(Records from a data collection)
*** Block opens ***

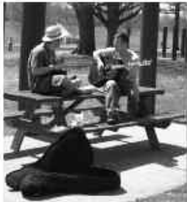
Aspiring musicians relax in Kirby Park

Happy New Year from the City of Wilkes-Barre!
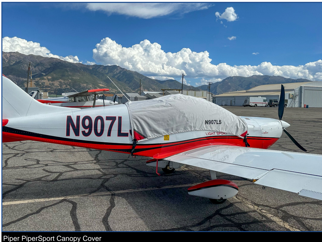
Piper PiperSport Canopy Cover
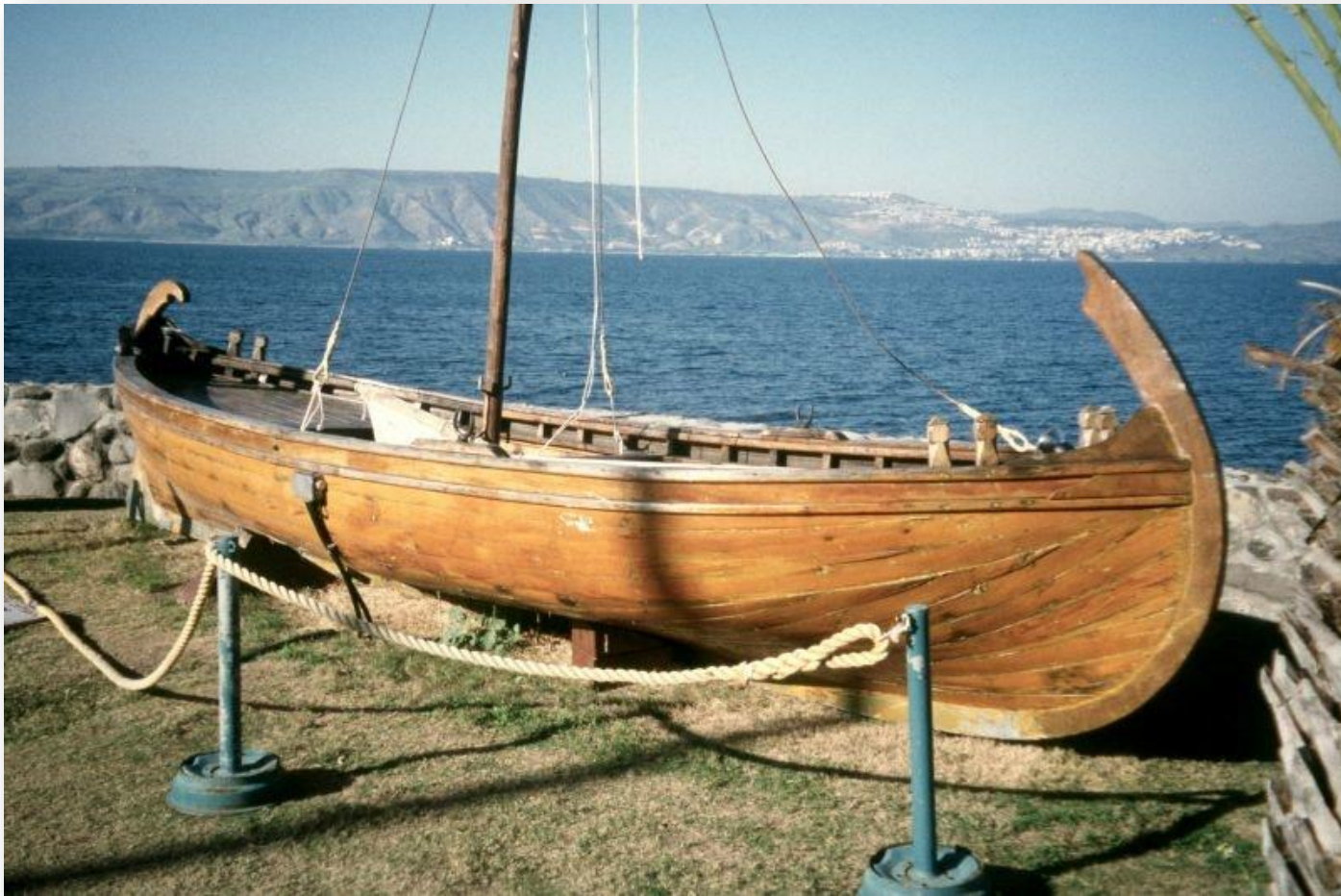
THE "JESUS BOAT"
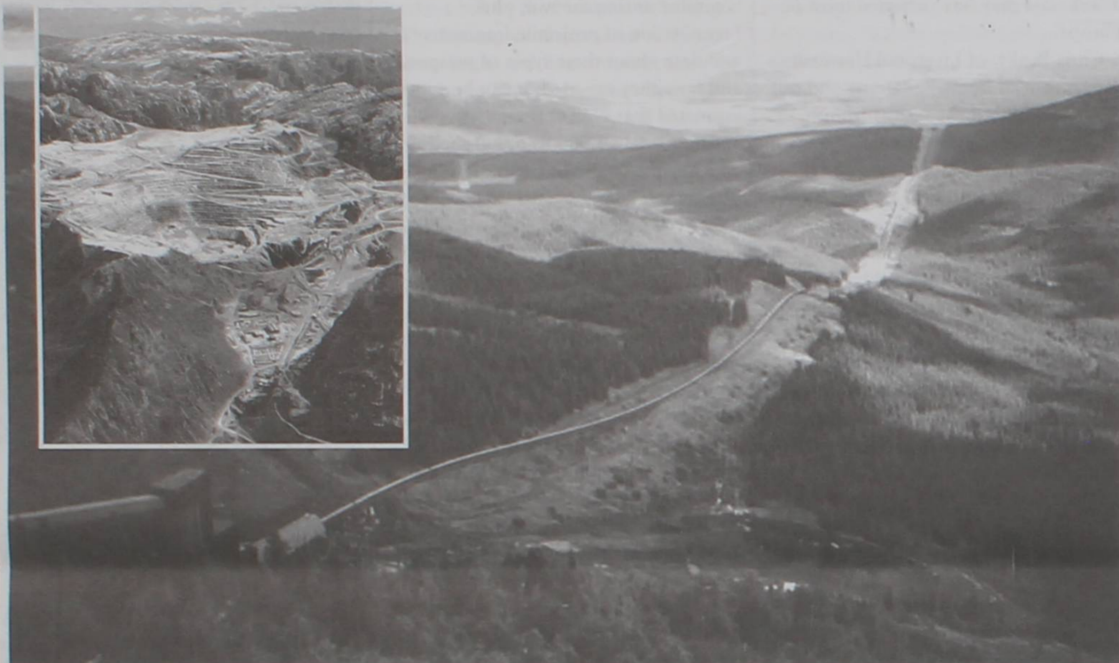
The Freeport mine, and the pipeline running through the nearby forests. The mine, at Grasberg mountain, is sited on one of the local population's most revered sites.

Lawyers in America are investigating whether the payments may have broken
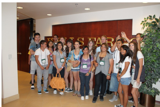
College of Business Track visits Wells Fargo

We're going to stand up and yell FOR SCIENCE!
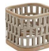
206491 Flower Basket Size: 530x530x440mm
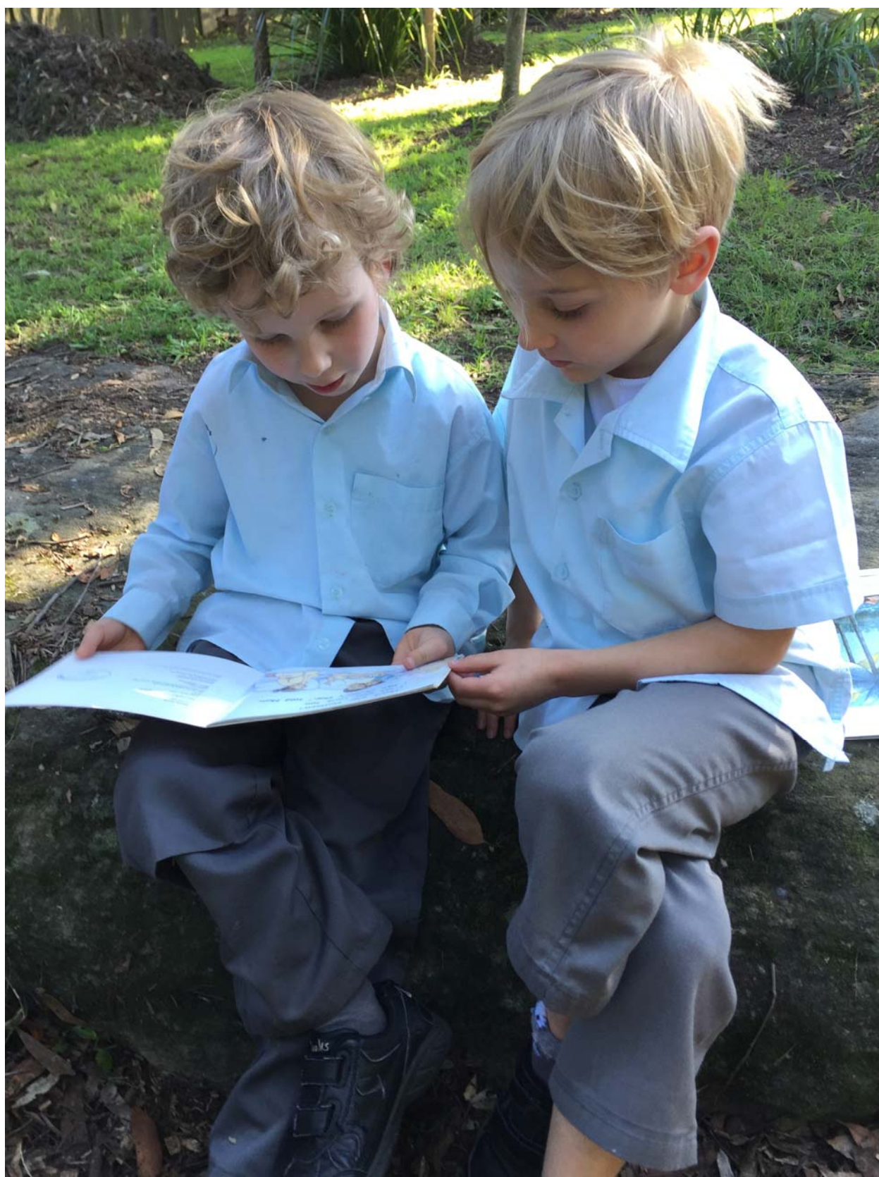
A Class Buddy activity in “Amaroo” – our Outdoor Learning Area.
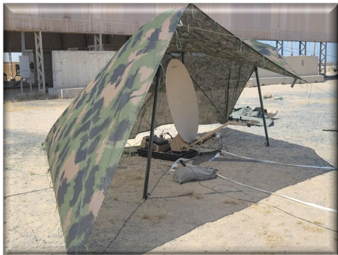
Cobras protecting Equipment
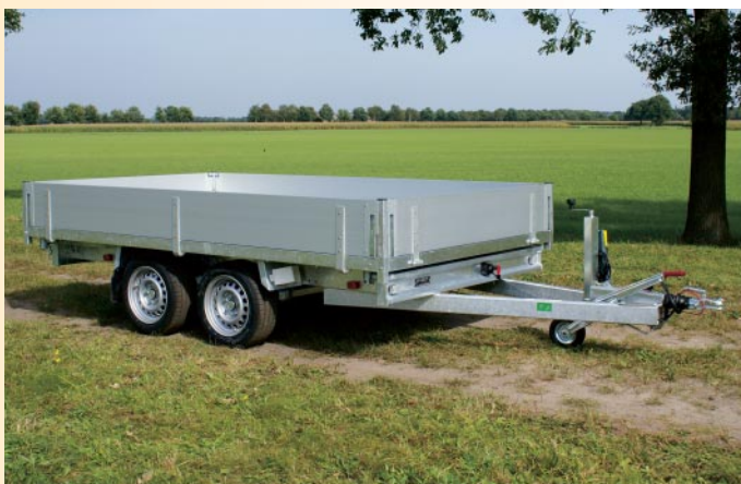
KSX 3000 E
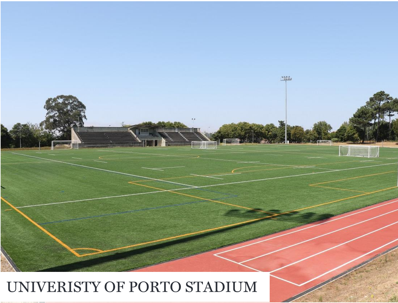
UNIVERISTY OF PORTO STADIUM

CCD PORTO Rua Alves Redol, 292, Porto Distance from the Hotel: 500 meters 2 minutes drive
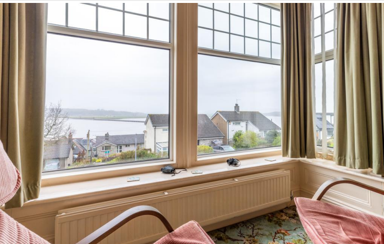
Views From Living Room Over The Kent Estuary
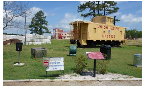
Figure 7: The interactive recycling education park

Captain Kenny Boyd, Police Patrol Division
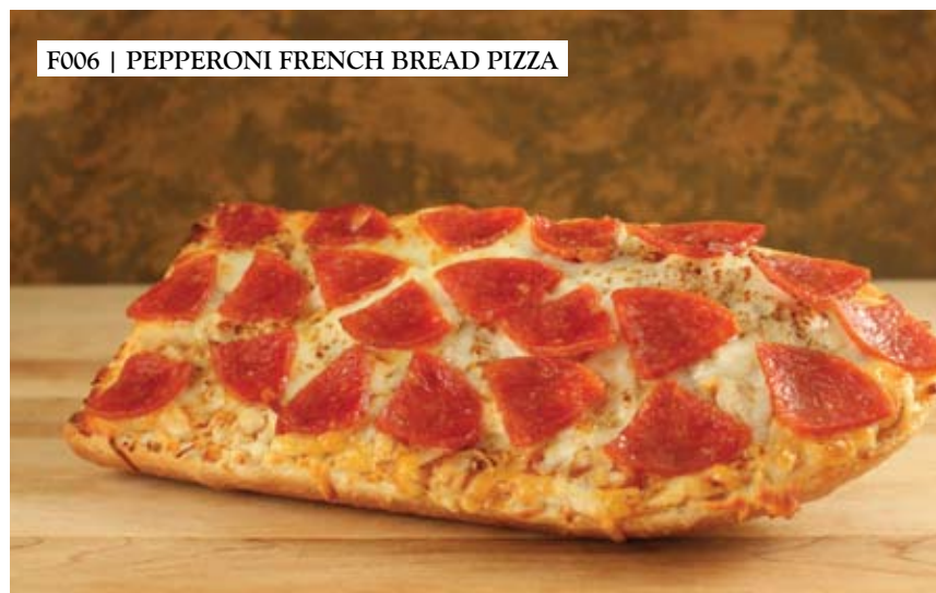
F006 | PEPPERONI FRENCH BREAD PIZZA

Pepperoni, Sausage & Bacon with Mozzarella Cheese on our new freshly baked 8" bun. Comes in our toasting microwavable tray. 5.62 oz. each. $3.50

*** Block closes ***

▸ EXERCISE PROMPT: Every record above must reappear exactly in the answer, minus its pictures.

▸ RESPONSE FOR THIS EXERCISE:
Aspiring musicians relax in Kirby Park

Happy New Year from the City of Wilkes-Barre!
Piper PiperSport Canopy Cover
THE "JESUS BOAT"
The Freeport mine, and the pipeline running through the nearby forests. The mine, at Grasberg mountain, is sited on one of the local population's most revered sites.

Lawyers in America are investigating whether the payments may have broken
College of Business Track visits Wells Fargo

We're going to stand up and yell FOR SCIENCE!
206491 Flower Basket Size: 530x530x440mm
A Class Buddy activity in “Amaroo” – our Outdoor Learning Area.
Cobras protecting Equipment
KSX 3000 E
UNIVERISTY OF PORTO STADIUM

CCD PORTO Rua Alves Redol, 292, Porto Distance from the Hotel: 500 meters 2 minutes drive
Views From Living Room Over The Kent Estuary
Figure 7: The interactive recycling education park

Captain Kenny Boyd, Police Patrol Division
F006 | PEPPERONI FRENCH BREAD PIZZA

Pepperoni, Sausage & Bacon with Mozzarella Cheese on our new freshly baked 8" bun. Comes in our toasting microwavable tray. 5.62 oz. each. $3.50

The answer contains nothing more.